Tough to give a for sure answer here but I'll throw some things out for you to try. "Decent sized" and "Small" are not really giving us the true size of the obstacle? First off, have you set up the sag, front and rear, according to the bike or suspension manufacturers recommendations? It seems like a time consuming, not really that important thing to do but is very important to getting the most out of your suspension. If you start out with a bike that is over sagging in the rear, then you sit in the seat and hit an obstacle, the bike is going to squat even more, instead of going forward and you will lose your forward momentum. Does your rear shock have pro-pedal? I would try that instead of locking it out all together. On some obstacles you will have to "Un-weight" the rear end to get the rear tire over an obstacle. 

This is very simplistic but I hope it helps.

Dan


----------



## AndrwSwitch (Nov 8, 2007)

I had a little trouble reading the first post, but let me share some observations that may help you.

Riding off-road on a 'cross bike, hardtail, and FS bike are not really all that different. One still needs to lighten the wheels to get over obstacles and line selection still matters. In other words, if you ride your bike like ass, your bike will ride like ass, no matter how much technology the guys at Salsa throw at it.
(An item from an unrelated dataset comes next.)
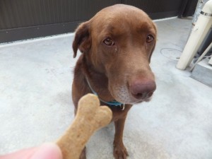 (ビスケットを)ぽいっ

'Cross bikes respond very positively to pedaling out of the saddle. On a hardtail, if I pedal out of the saddle and I'm way up next to the fork, I tend to induce some bob. So hardtails work a bit better with a smoother pedaling technique and reward a rider who spends a bit more time in the saddle. This is part of why mountain bikes had super-low gears available from some time in the mid-90s until fairly recently, and continue to have much lower gears than most road bikes (including 'cross bikes.) Full suspension bikes vary by design, but many will just compress under me if I get out of the saddle unless and until I dial up the shock's compression and spring rate until I may as well be back on my hardtail or I turn on the lockout. I've found that while I don't really think in terms of riding my hardtail in different modes, when I ride an FSR XC I have access to in San Francisco, I tend to think about whether I'm on the road or the fire road climb to the top of the riding area I know there, or if I'm now on a descent or on the trails. I don't know the Spearfish, but I wouldn't be surprised if you find you still have some use for the lockout even when you have the suspension really dialed.

On the way down, expect more suspension to raise your "speed limit" for what you can do in control.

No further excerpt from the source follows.